Diana WymanJuly 19, 2021 AATCC Blog

Cultural Heritage Practices of Recycling

By Ritu Jadwani at University of Copenhagen, Denmark

Ritu Jadwani, former professor of Fashion & Sustainability at the University of Delaware in United States, presented at the Old Textiles, New Possibilities conference held by the Centre for Textile Research at the University of Copenhagen in Denmark in June of 2021. Jadwani’s talk focused on “Cultural Heritage Practices of Recycling In India” where she highlighted the craft clusters that recycle fabrics to re-create a unique product.

Recycling practices are very popular in the villages of Kutch in Gujarat to make one-of-a-kind quilts; in Kolkatta, West Bengal to create beautifully hand embroidered Kantha scarves; and in northern India to handcraft colorful rugs from fabric scraps.

Sustainability is the backbone of cultural recycling practices in India in the textile and apparel industry. Skilled female and male artisans handcraft quilts, scarves, rugs, accessories, fabric beads, and saris through hand sewing and embroidery using various techniques. Jadwani has been working with the skilled artisans in Gujarat during the last 13 years to create products from traditional textiles and fabric scraps and generate employment opportunities for artisans to sustain the crafts and textiles of the region. Her initiative is called Namaste NYC.

Jadwani’s talk was attended by about 150 people who were from Denmark, Latvia, Switzerland, United Kingdom, Italy, India, and various other countries. The talk was held virtually through Zoom (considering the Covid-19 pandemic) as part of the Reuse, Repair, and Redesign section of the conference on day 2.

During the discussion, there were some questions by the participants as below:

  • Do you know how the women involved in these traditional crafts feel about these textile traditions being adopted and adapted into modern fashion?
    It’s nice to see the change and they appreciate new ideas. We often collaborate to create and design new ideas. They are happy that their crafts can help sustain their families through modernization.
  • Has there been a mix and match of different popular and eminent embroideries of the country in a single fabric?

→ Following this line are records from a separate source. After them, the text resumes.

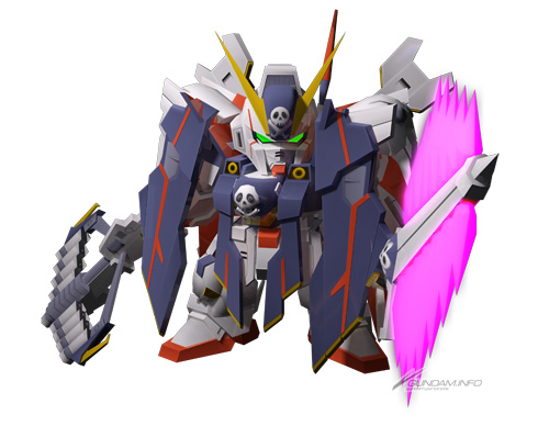 『機動戦士クロスボーン・ガンダム 鋼鉄の7人』に登場するMS。武器2「ピーコックスマッシャー」は複数のビームを扇状に放つ射撃武器で、相手に対し至近距離で使用することで複数ヒットによる大ダメージが狙える。また、本機はRキーによるパージ変形が可能で、パージ後はブースター量の大幅増加があるほか、耐ビームシールドを持つようになる。パージ変形を的確に使えるタイミングの見極めが強さを引き出すカギとなる。
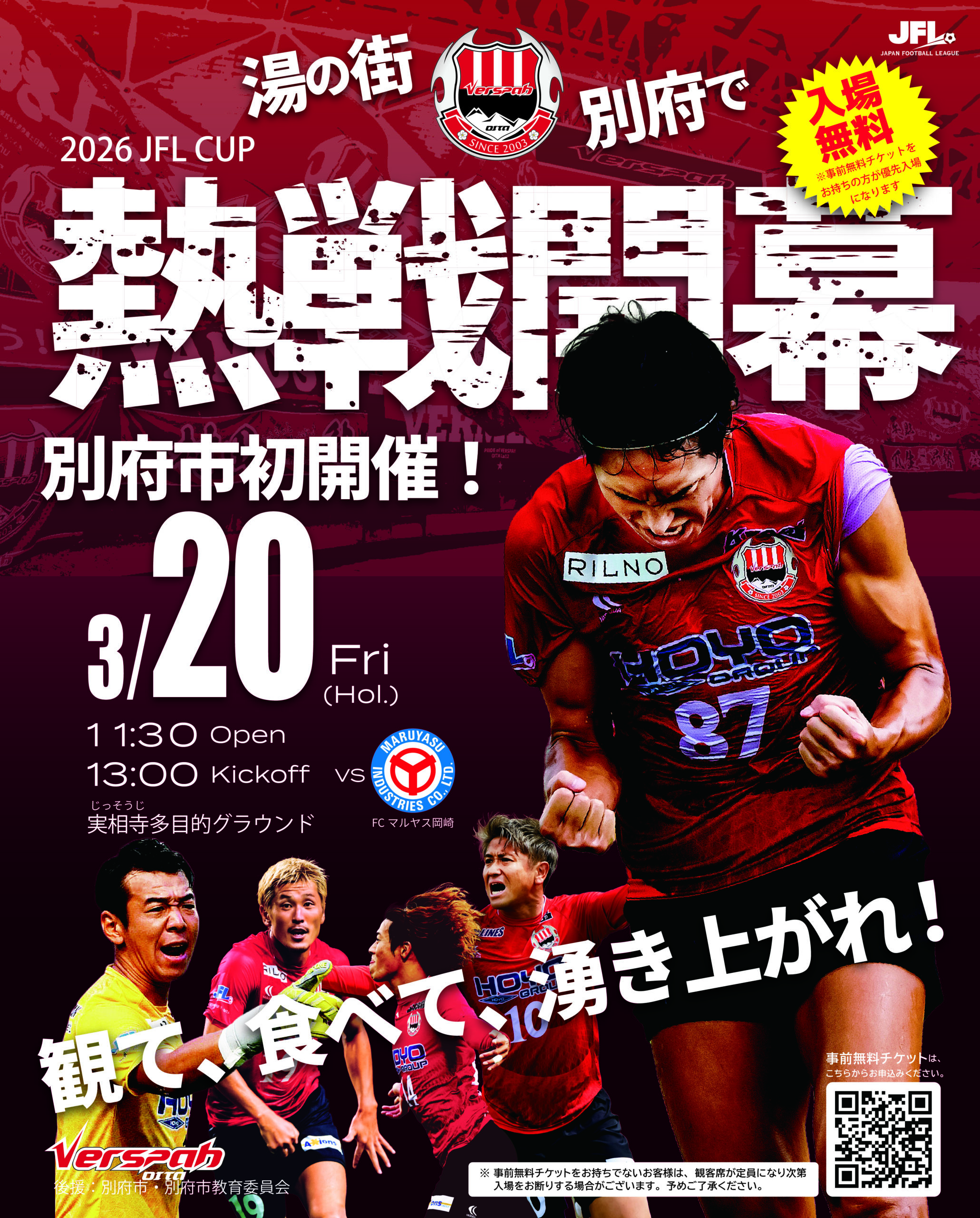 【試合情報】2026 JFL CUP 開幕戦 3月20日(金・祝) FCマルヤス岡崎戦 イベント情報
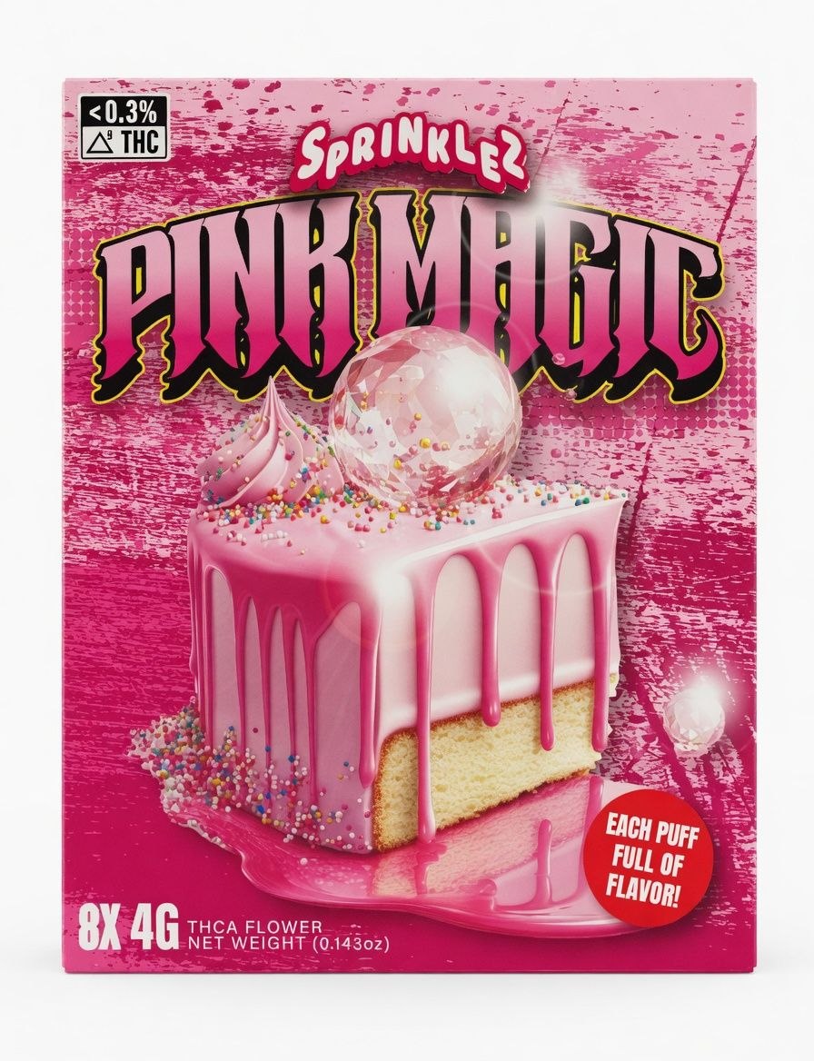 Pink Magic Sprinklez is all about sweet candy flavor and fruity smoothness. From the first bite, you’ll notice vibrant berry-inspired notes followed by soft vanilla sweetness and a creamy finish.
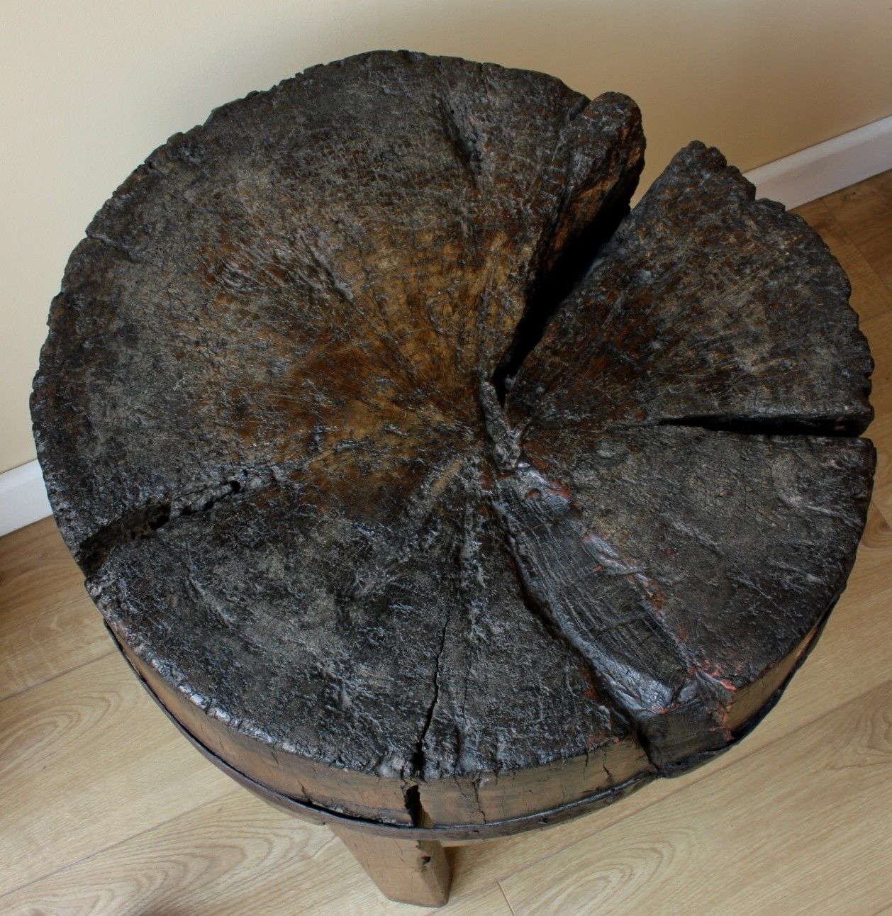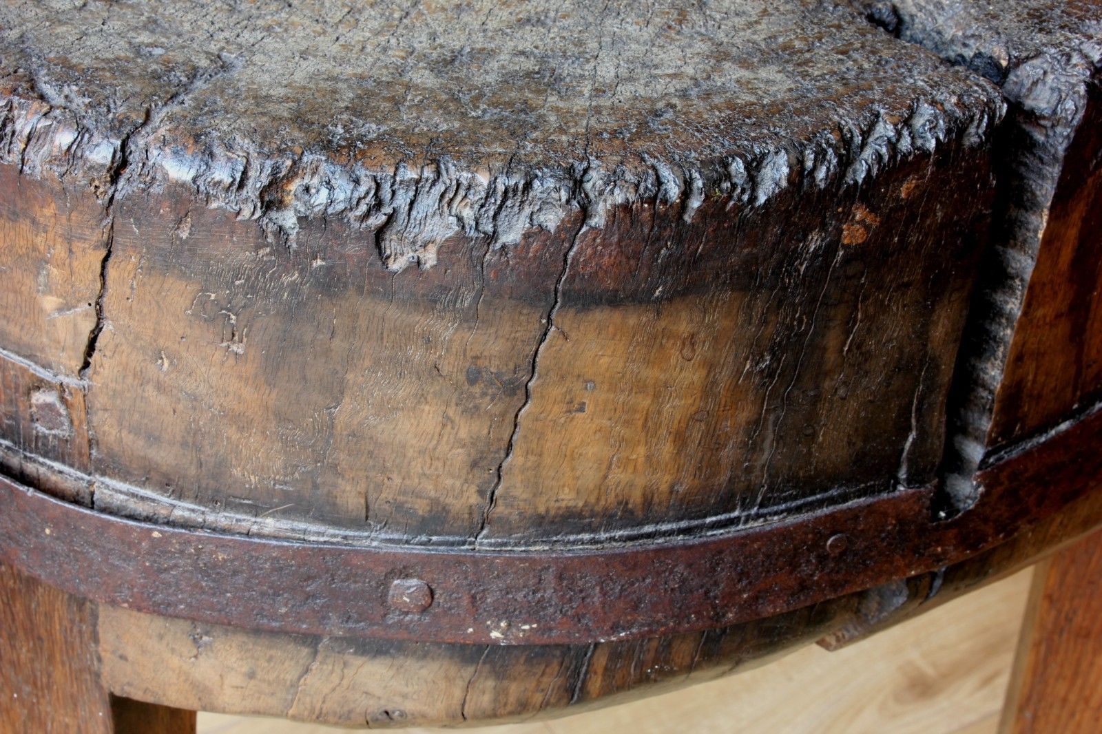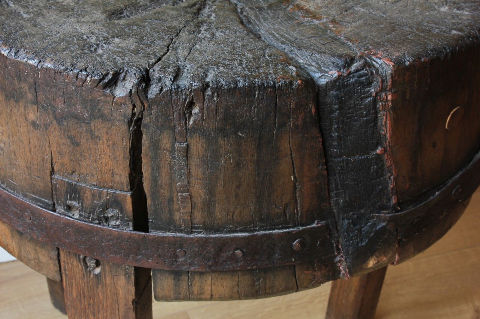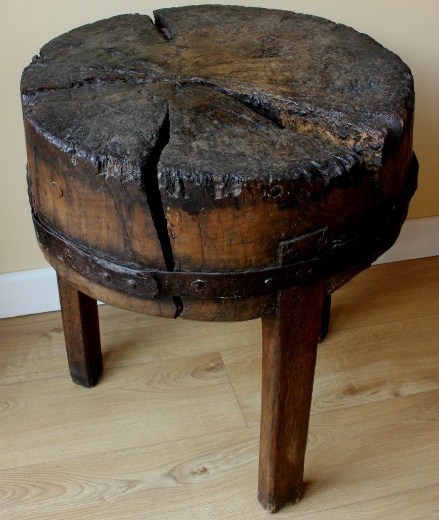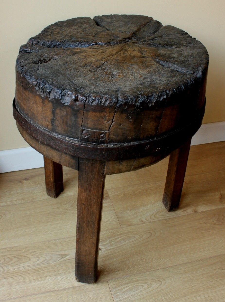 The rich dark colour of the butcher's block is amazing due to it's patina from many years of use. This is a very old and very heavy piece of wood that makes a wonderful table.
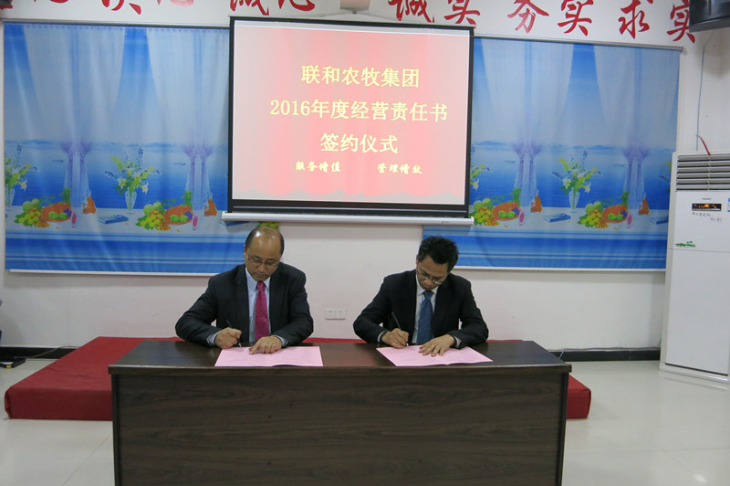 最后,集團(tuán)總裁王曉林與各公司總經(jīng)理進(jìn)行了2016年度經(jīng)營(yíng)責(zé)任書的簽約儀式,各公司總經(jīng)理鄭重承諾16年將全力以赴,保證各項(xiàng)任務(wù)百分百達(dá)成。
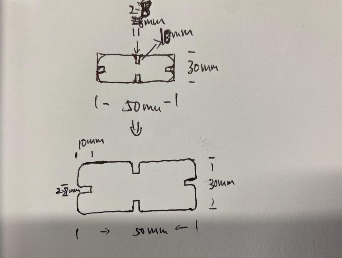 Make several pieces of rectangular blocks as below, there are 4 kerfs on each side
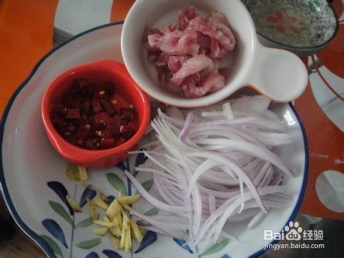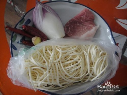 准备好食材:猪肉、洋葱、生面条、干辣椒、姜
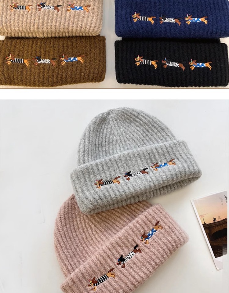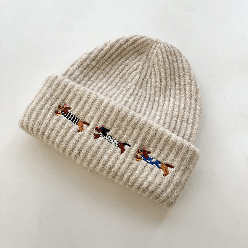 single embroidered sausage dog hat-beige
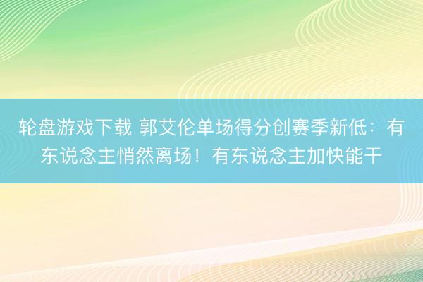 轮盘游戏下载 郭艾伦单场得分创赛季新低:有东说念主悄然离场!有东说念主加快能干

Yes, mixing is very popular now. Due to migration of artisans and awareness among people, designers and even artisans are mixing embroideries and crafts. So, now there is a mirror work with patch work tunic; and bandhani and batik are combined to create a unique sari. The artisan community believes in supporting each other, collaboration and sustenance—so they understood the art of combining crafts before the designers did!

  • Is there any dominant embroidery/technique that is appreciated and is the highest in demand globally?
    In my experience, I have seen the kantha and kutchi embroidery popular globally. The style and colors have evolved, but the technique is still the same. Many designers work with artisans in Kutch and Kolkata to create these unique pieces for the global and local markets.
  • Since weaving has mostly centered on women of low-income groups, how have their economic conditions improved or is it still struggling?
    Due to the Covid-19 pandemic, they are struggling, so we designers are creating a circle to supporting them by buying their fabrics. The conditions have improved since the global market has started appreciating ethnic heritage handwoven textiles. So, the weavers and artisans have many exports and international orders. Weavers who are not digitally-connected with the global world are still struggling to make ends meet. Thus, technology has played a large role in helping the artisans to capture a global market.


Neckpiece handcrafted from recycled fabric patches and adorned with tassels.

Patch work cushion made from fabric scraps, intricately patched to create a unique color scheme.

Model wearing leheriya tie dye scarf with tassels made from fabric scraps.

Model wearing a necklace made from fabric beads created from recycled fabrics.

Ritu Jadwani, designer and former professor at University of Delaware in United States of America.

Model wearing one of a kind patched jacket crafted from fabric scraps.

Ritu is currently based in Ahmedabad and continues to work with artisans through her initiative Namaste NYC.